No pude encontrar si la tensión de salida es continua pulsante o senoidal, pero para cualquiera de las dos, el catálogo de la dicroica led me informa que se puede alimentar tanto en alterna como en continua por lo que creo que no tendría problemas. En este link figura el circuito electronico del transformador. Por la figura creo que la salida debería ser continua pulsante.

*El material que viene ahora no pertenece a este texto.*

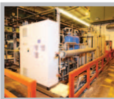
Acid recovery plant

Many more items to be added in the near future, including:
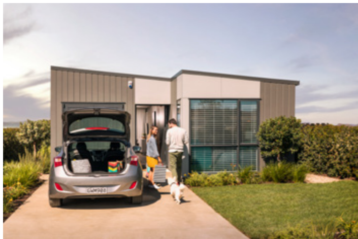
Lakeside, Te Kauwhata

Desde ya muchas gracias por las respuestas
Ver el archivo adjunto 882


----------



## Gudino Roberto duberlin (Nov 29, 2011)

ruzzo2003 dijo:


> Como probar ya probe y anda perfecto, pero no tengo idea de que tipo salida traen estos transformadores (por lo que lei por aho dicen que oscilan a con cargas resistivas) y como le afectan le pueden afectar a las lámparas led en cuanto a la vida util.



Amigo, las lamparas halogenas son "cargas resistivas".


----------



## ruzzo2003 (Nov 29, 2011)

Gudino Roberto duberlin dijo:


> Amigo, las lamparas halogenas son "cargas resistivas".



Si es lo se, pero como puede afectar esto a las dicroicas led. Gracias por la rta igual


----------



## aquileslor (Nov 29, 2011)

Mirá rectificá la salida del alimentador de dicroica y allí haces lo que querés: usas el mismo voltaje o lo bajas según necesidad.


----------



## ruzzo2003 (Nov 29, 2011)

aquileslor dijo:


> Mirá rectificá la salida del alimentador de dicroica y allí haces lo que querés: usas el mismo voltaje o lo bajas según necesidad.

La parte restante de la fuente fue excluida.